In July 2025, she competed at the 2025 FIBA Under-19 Women's Basketball World Cup where she was the youngest member on the team. She started the first group stage game against Brazil, and scored a game-high 22 points. During the tournament she averaged nine points, 3.3 rebounds and 1.2 assists per game and won a silver medal. In September 2025, she competed at the 2025 FIBA U16 Women's Asia Cup where she averaged 15.2 points, 3.6 rebounds and 3.8 assists per game and won a gold medal. During the final against New Zealand she scored a team-high 15 points, along with five rebounds, four assists, and five steals and was subsequently named to the All-Star Five. In December 2025, she competed at the 2025 FIBA Under-17 Oceania Cup and won a gold medal.
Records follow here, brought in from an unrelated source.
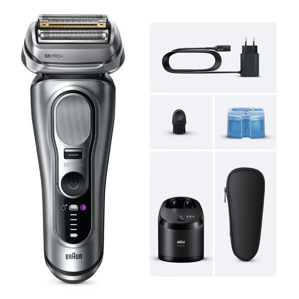 Braun Series 9 PRO+ electric shaver designed for men to achieve perfect closeness and skin protection. Ultra Thin Precision Blades deliver the ultimate shave. 5+1 Technology synchronizes perfectly across Direct&;Cut Blade, ProTrimmer, skin-skimming OptiFoil, protective SkinGuard and titanium-coated ProLift Blade. Pro SensoAdapt analyzes beard density at 300x/sec and automatically adjusts shaving power. Includes the 6in1 SmartCare Center, optimized by AutoSelect program, cleans, protects blade lifetime, dries, charges and maintains shaver performance. The Series 9 PRO+ electric razor for men is 100% waterproof. Made in Germany. Closeness even in tricky areas. Ultra adaptive 40° shaving head for maximum skin contact in hard-to-reach areas, like under chin and neck. High performance in every use. Performance assistant display guides you for the best shaver maintenance, with intuitive and easy to understand information, for a peak performance with ever use. 100% waterproof. Made in Germany. Tested to resist under water up to 24 hours. Wet or dry, with or without foam, this shaver is designed to last for years. For a shaver like new, everyday. The 6in1 SmartCare Center automatically selects the cleaning programm, hygienically cleans, protects blades lifetime, optimizes performance, automatically dries and charges your shaver. All at the touch of a button. Perfect closeness in every stroke Braun's Best electric shaver with 5+1 Perfectly Synchronized Shaving Elements to gently cut the toughest beards in every stroke Exceptional skin protection Ultra Thin Precision Blades shave more efficiently than any previous Series 9 electric shaver, resulting in exceptional skin protection Maximum efficiency on any beard density Pro SensoAdapt technology with high-precision sensors analyzes your beard density at 300x/sec and automatically adapts shaving power Premium accessory 6in1 SmartCare Center for a shaver like new every day Made in Germany, built to last for years The shaver is made from high-quality materials with the highest attention to detail. 100% waterproof for wet &; dry use. Up to 60-min Li-Ion battery runtime
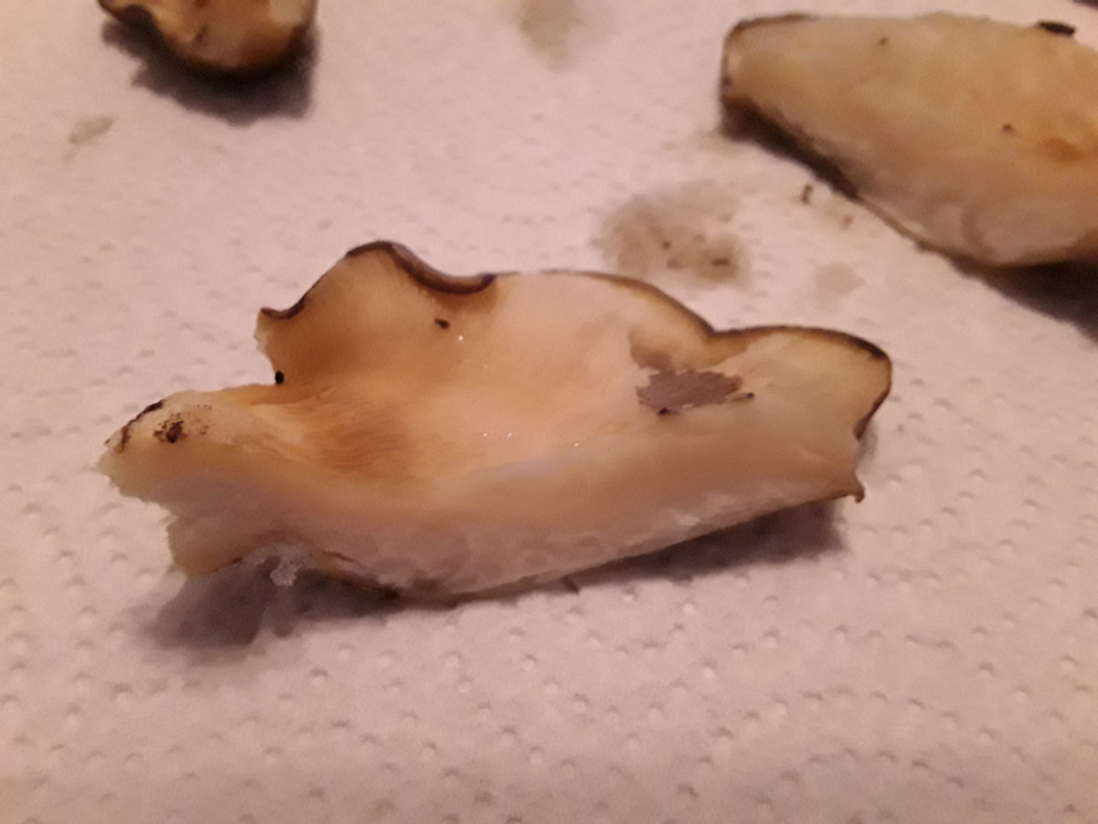 Die irgendwie reduziert erscheinenden Lamellen würden auch ganz gut zu Panellus serotinus passen. Bei Pleurotus sind die Lamellen ganz jung auch schon deutlciher entwickelt, bei Panellus aber oft noch so wie hier. Ich denke, daß sind tatsächlich ganz junge Muschelseitlinge, die erfroren sind, bevor sich die Fruchtkörper voll entwickeln konnten.
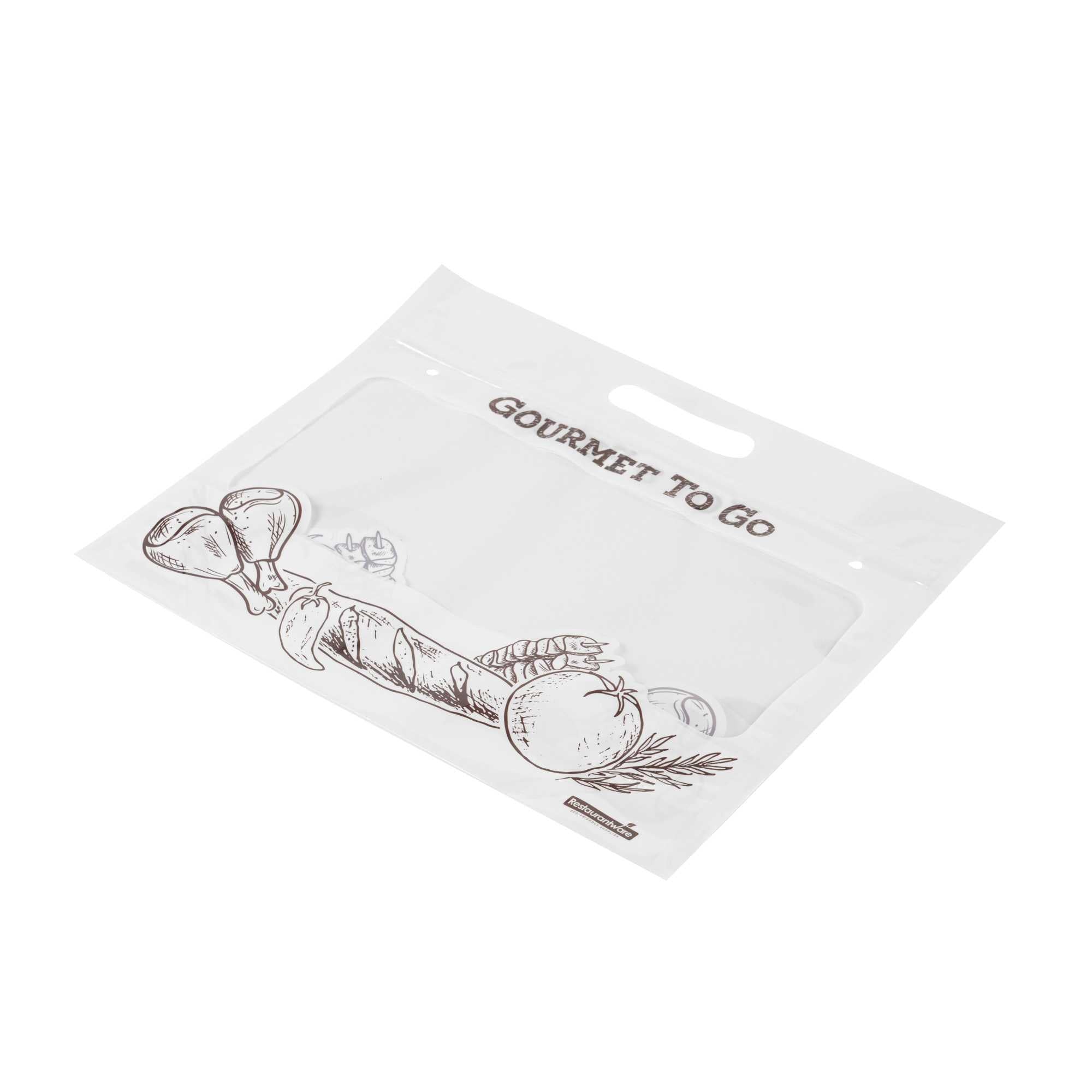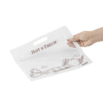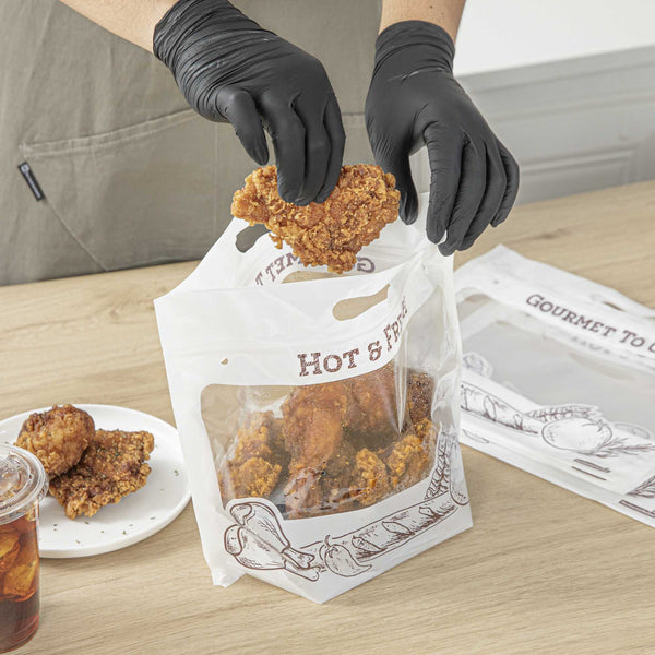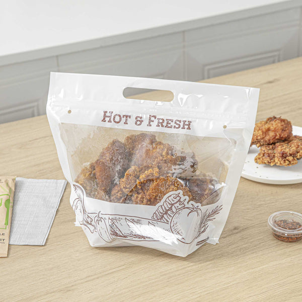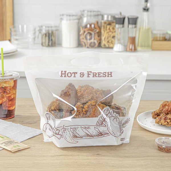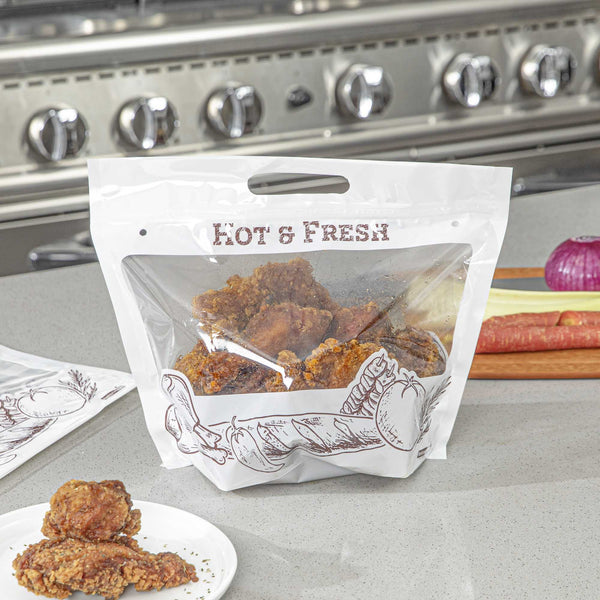 Securely package your hot-from-the-oven rotisserie chicken with our Bag Tek White Plastic Rotisserie Chicken / Hot Food Bags. With an in-built ability to retain heat and maintain food temperature whilst being transported, these hot delivery bags are a prime pick for delis, self-service restaurants, and informal dining spots. These hot food bags have a clear window at the front for simple food identification and tiny vent holes that allow steam to vent out. Ideal for holding rotisserie chicken or baked turkey, these food-carrying bags have robust handles. These rotisserie chicken bags enable an uncomplicated opening with the help of a zip mechanism and immediate resealing to retain the freshness of hot foods. Made from top-notch plastic, these food delivery bags are both greaseproof and leakproof, preventing possible spillage or mess. Exhibiting a sophisticated white hue, these food storage bags enhance the visual appeal of your food. These plastic bags are microwave-safe to enable effortless food reheating. Measuring 12.75 inches long by 5.75 inches wide by 10.25 inches high, these bags can comfortably hold hefty portions of chicken wings, ribs, roast turkey, and various other dishes. Shipped in a 100 count box.
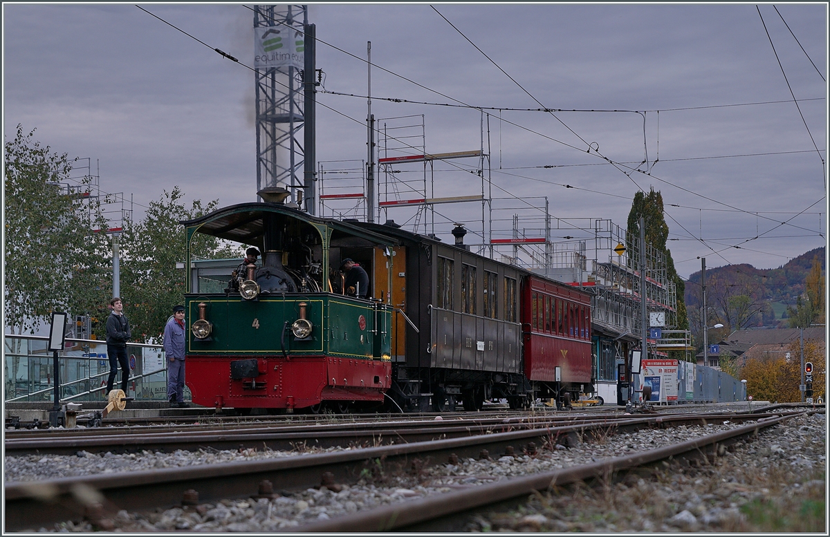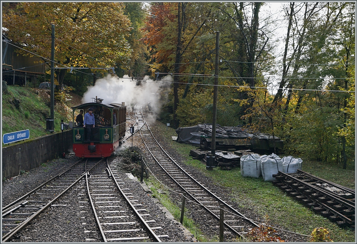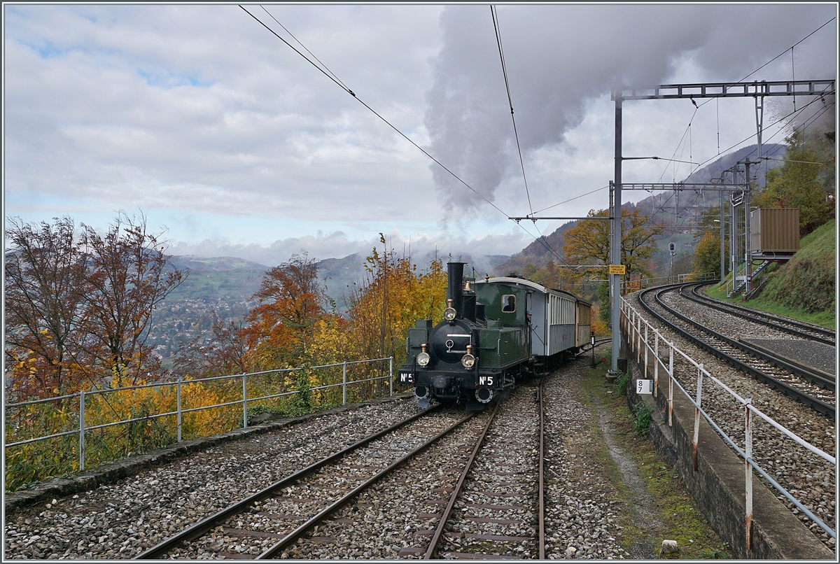 "LA DER 2020 du Blonay-Chamby" / Saison Abschluss der Blonay-Chamby Bahn: Mit einem verstärkten Fahrplan und viel Dampf wird vor dem "Winterschlaf" (bzw. Arbeit im Dépôt Chaulin) nochmals viel Betrieb gemacht. Die LEB G 3/3 N° 5 (Baujahr 1890) hat mit ihrem Personenzug von Blonay nach Chaulin ihr Ziel erreicht.

She represented Australia at the 2026 FIBA Under-17 Women's Basketball World Cup where she averaged 14.1 points, 6.0 rebounds, 2.9 assists, 1.4 steals and 1.3 blocks per game and won a bronze medal. During the bronze medal game against Canada, she scored a team-high 15 points, along with eight rebounds and four assists. She scored in double-figures in all seven games and was named to the FIBA U17 World Cup All-First Team.